■ Information:

- Opening Delimiter -

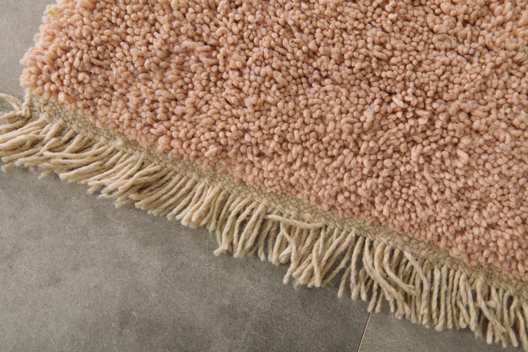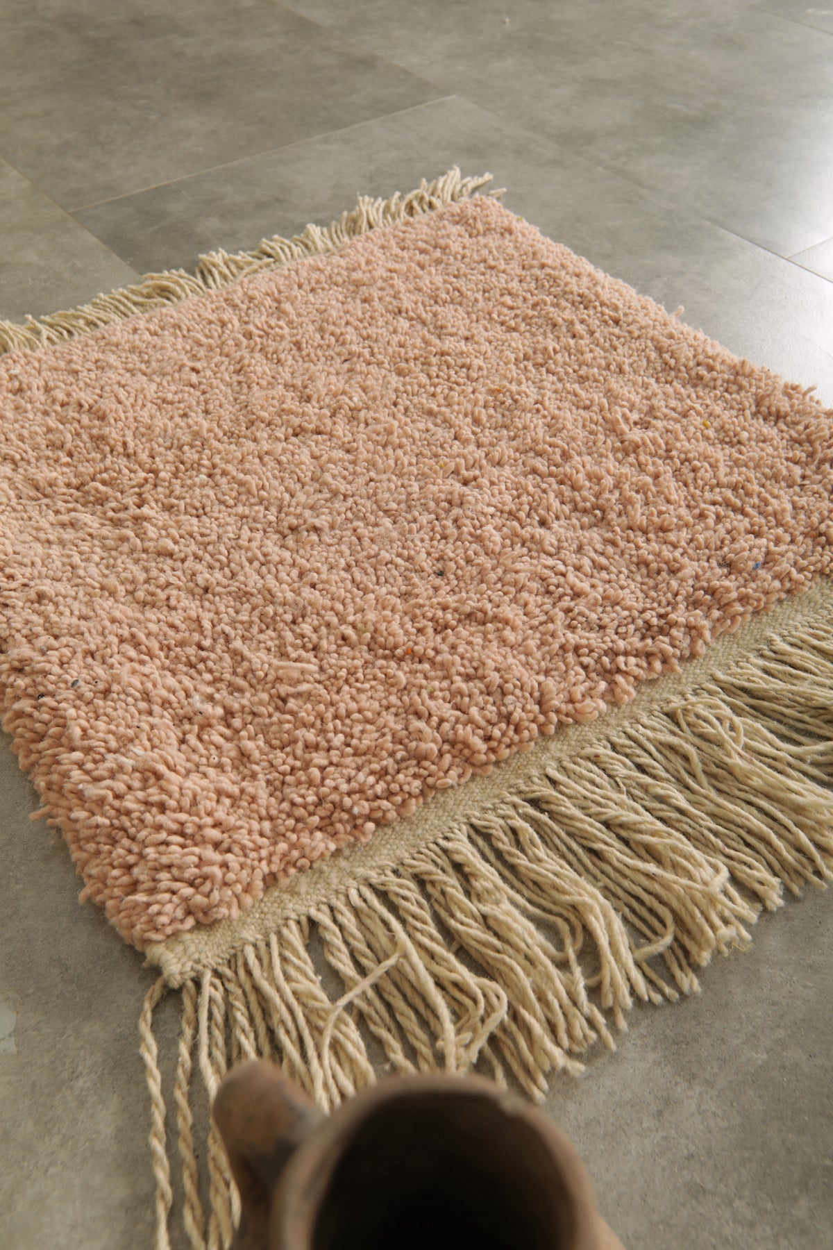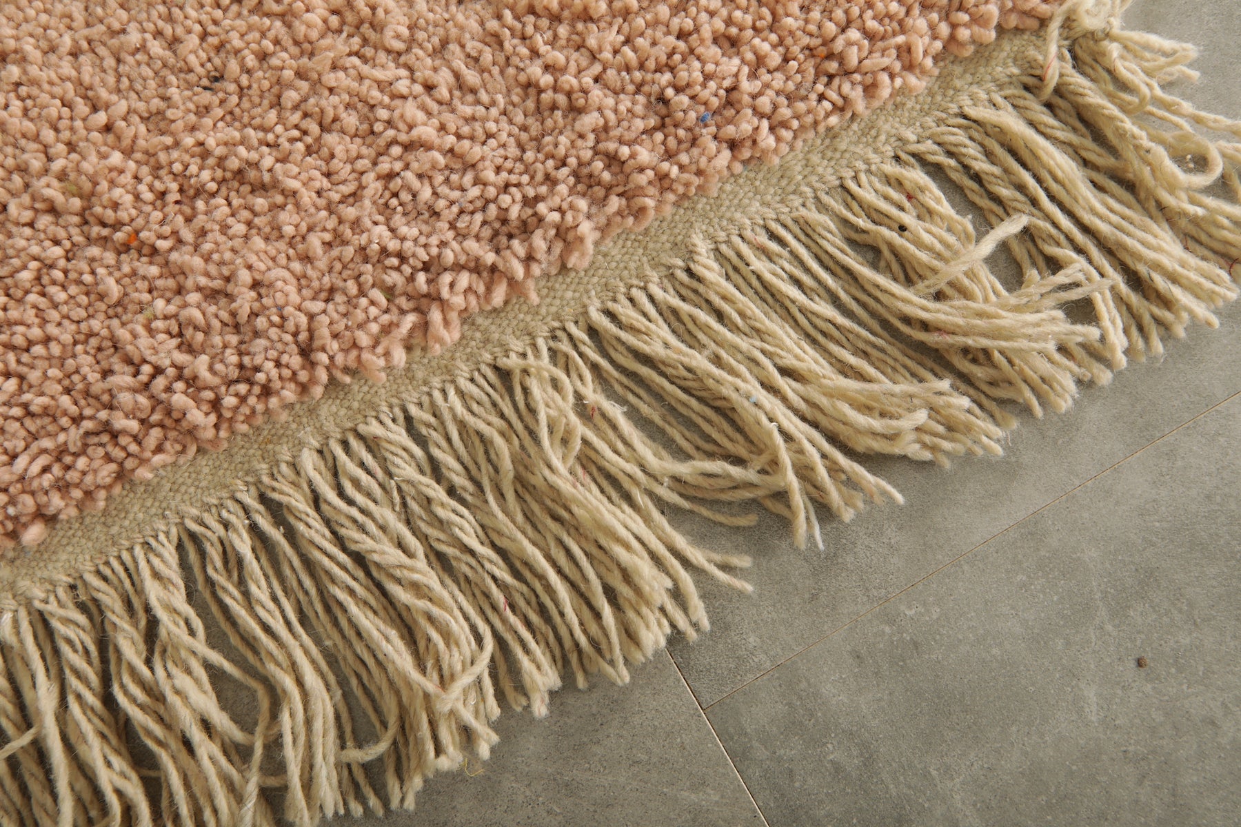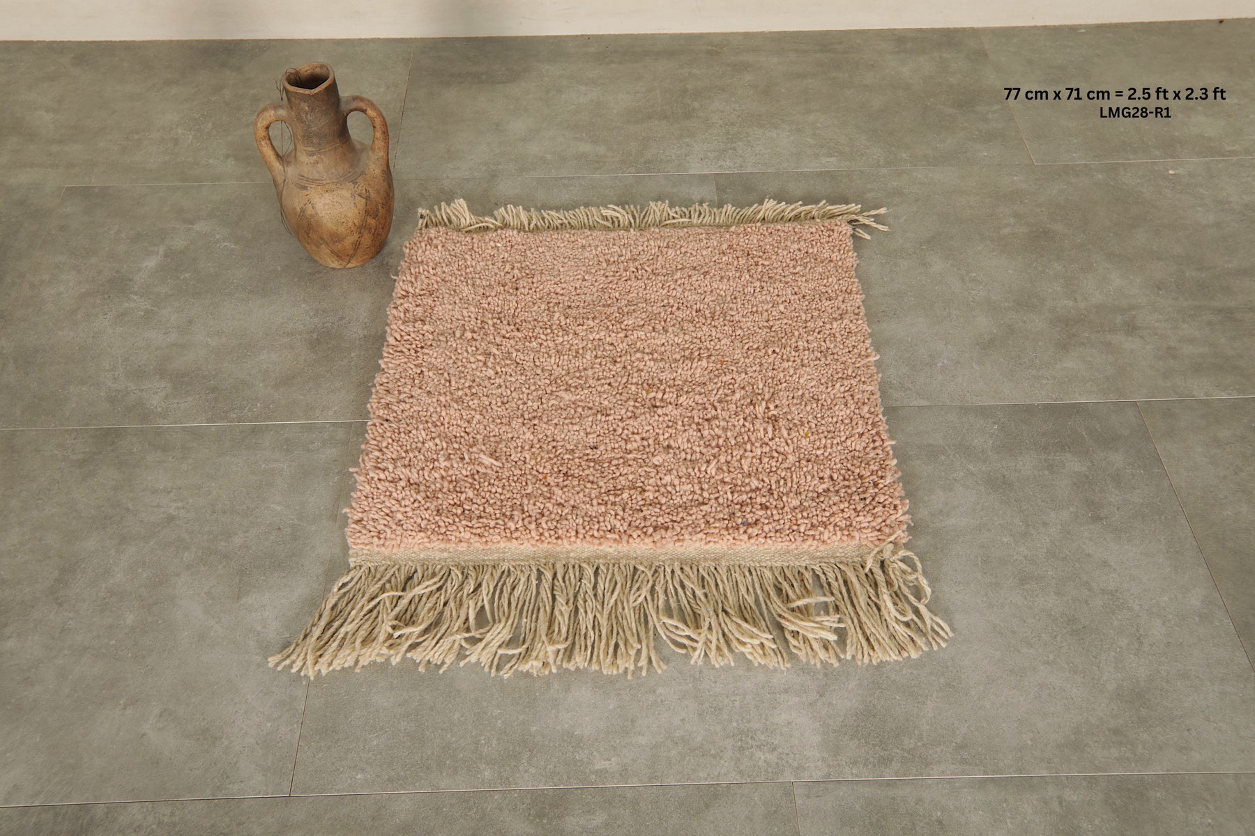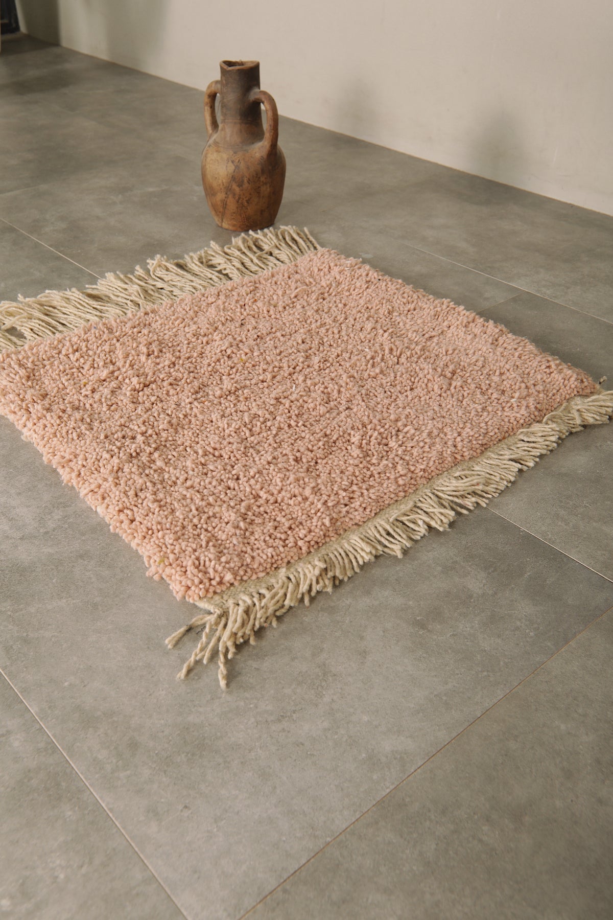 Add a touch of understated elegance to your space with this handwoven small Moroccan rug in a soft blush pink tone. Crafted from 100% natural wool, this cozy and durable rug features a plush texture and decorative fringe edges. Its muted color makes it a perfect accent piece for minimalist, bohemian, or Scandinavian-style interiors. Ideal for entryways, bedside spaces, or reading nooks, this artisanal rug brings warmth and texture to any corner of your home.
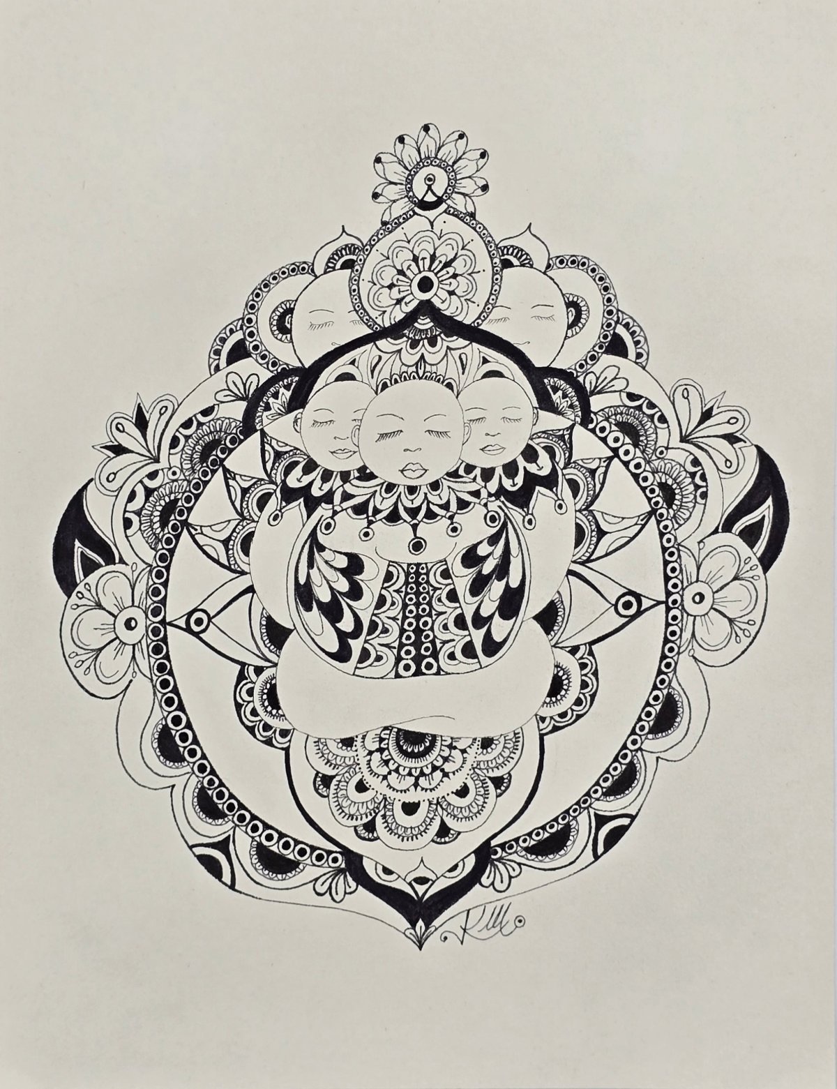 Cette oeuvre symbolique évoque la force de l'égrégore. L'univers de formes organiques et de motifs décoratifs qui se déploient autour du personnage central est une invitation à la paix, un instant d'équilibre dans une énergie vibrante révèlant en profondeur, harmonie et sérénité.
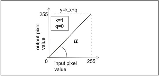 Let us consider an experiment where we multiply the pixel values in the input image by 1. If we consider the usual input dynamic range of grayscale digital images (i.e., 0 to 255, where 0 represents the black level and 255 represents the white level), then the output image will produce a result that is identical to the values in the input image. For example, an input value of 10 would be multiplied by 1 and the result would also be 10 and this would continue for all pixel values in all positions. This then results in a simple linear function that can be represented as a straight line at a 45° angle and passing through the origin of the coordinates, or it is a simple copy of the input image. Such an example can also be expressed very simply in mathematical notation, namely the slope equation of the straight line as reported in Figure 3.
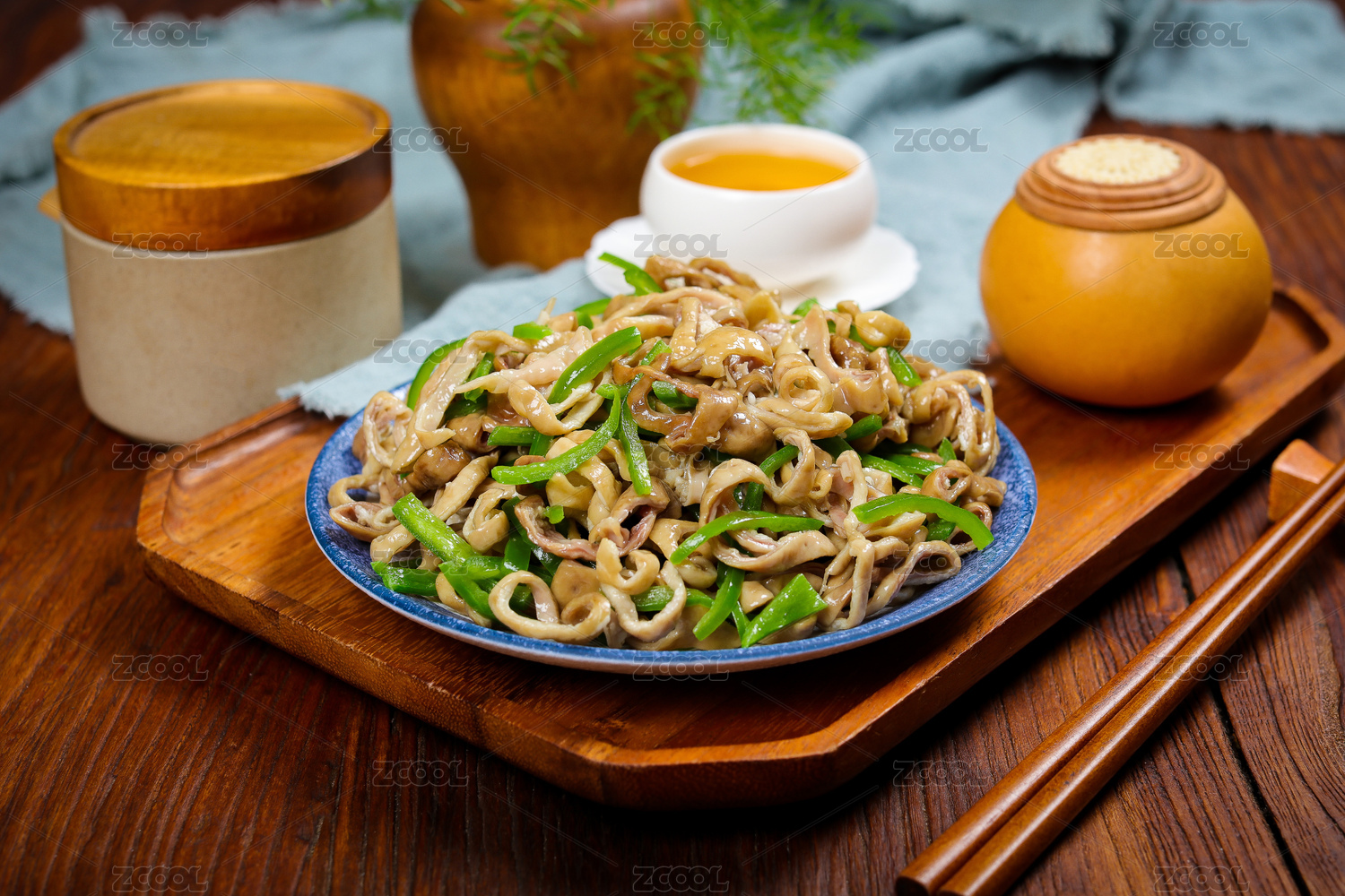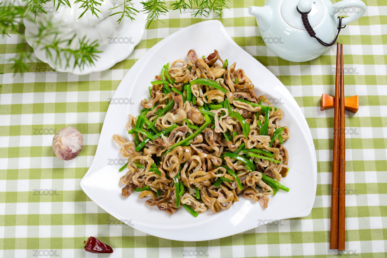 家常小炒菜肴辣椒爆炒豬肥腸絲
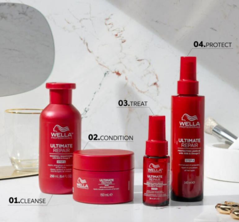 Τέσσερα προϊόντα σχεδιασμένα με 140+ χρόνια εξειδίκευση στα μαλλιά, για όλους τους τύπους μαλλιών. Το καθένα είναι σχεδιασμένο με τη νέα πατενταρισμένη τεχνολογία της Wella Professionals, έναν συνδυασμό - εμπνευσμένο από την περιποίηση της επιδερμίδας - Alpha Hydroxy Acid (ΑΗΑ) και Ωμέγα-9. Πρακτικά άμεση επανόρθωση εσωτερικά και εξωτερικά για όλους τους τύπους και τις υφές μαλλιών: σγουρά, κυματιστά, λεπτά, ίσια, χονδρά… και όλα τα ενδιάμεσα. Με πολυτελείς υφές και το διακριτικό αποκλειστικό άρωμα, το ULTIMATE REPAIR αναβαθμίζει την καθημερινή περιποίηση σε μία εξαιρετική εμπειρία.
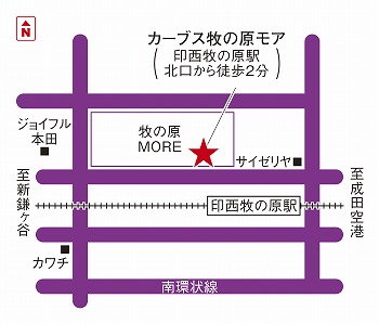 電車の方は印西牧の原駅を出て右に進み、印西牧の原郵便局を過ぎて徒歩5分です。お車の方は国道464号を成田方面に進み、ヤマダ電機さんの大きな看板を目印にいらしてください。インナーモール内わくわく広場さんの隣です。
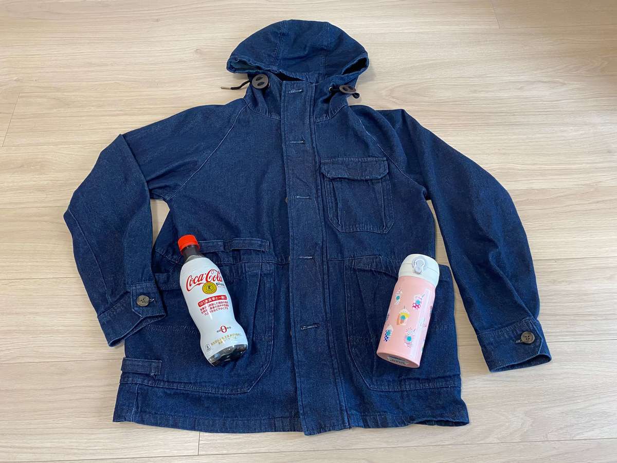 フードがついているのでちょっとした小雨のときも慌てなくてすみます。撥水はついていませんが、生地が厚めなので数分なら持ちこたえられます。
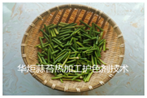蒜苔护色在餐饮行业是困扰人们多年的技术难题,针对蒜苔热加工后以及热加工后长时间放置保存后极易发黄变褐的现象,国内科研院所、大专院校的专家都在进行相关的研究,特别是在护色效果、有效期限和品质保证方面进行不懈努力来满足餐饮行业的普遍需求。
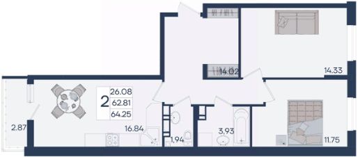 2 комнатная квартира с ремонтом 64.25 м², на 9 этаже в жилом комплексе "Дом 101".
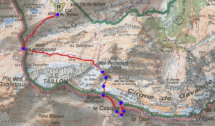 ![]() La Tour, le Casque, les Sarradets, le Doigt de la fausse Brèche, le Taillon depuis la grange Cazaux au dessus de Gavarnie
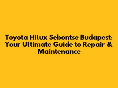 Toyota Hilux Sebontse Budapest: Your Guide To Repair & Maintenance
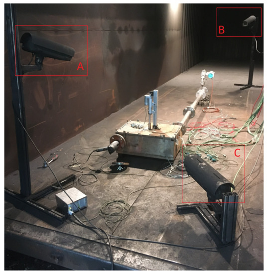 The surrounding environment is a retrofitted shipping container, into which the venting gas is emitted from the test bench. The air volume of the shipping container has its own filter system, which runs during the tests. For first experiments, a larger experiment hall was used. In the surrounding environment, two cameras are placed to observe the setup, as seen in Figure 11. Camera A records the mini-module test bench to detect possible gas leakage and time of entry of the nail into the test bench, whereas camera B focuses on the gas exhaust. Camera C was used initially to capture another angle of the test bench, but was later omitted due to the redundancy to camera A.

- Closing Delimiter -

■ Work order: Return verbatim every line from the line containing "dessus de Gavarnie" to the last line of the entries above, inclusive, and leave out the pictures.

■ Written reply:
 ![]() La Tour, le Casque, les Sarradets, le Doigt de la fausse Brèche, le Taillon depuis la grange Cazaux au dessus de Gavarnie
 Toyota Hilux Sebontse Budapest: Your Guide To Repair & Maintenance
 The surrounding environment is a retrofitted shipping container, into which the venting gas is emitted from the test bench. The air volume of the shipping container has its own filter system, which runs during the tests. For first experiments, a larger experiment hall was used. In the surrounding environment, two cameras are placed to observe the setup, as seen in Figure 11. Camera A records the mini-module test bench to detect possible gas leakage and time of entry of the nail into the test bench, whereas camera B focuses on the gas exhaust. Camera C was used initially to capture another angle of the test bench, but was later omitted due to the redundancy to camera A.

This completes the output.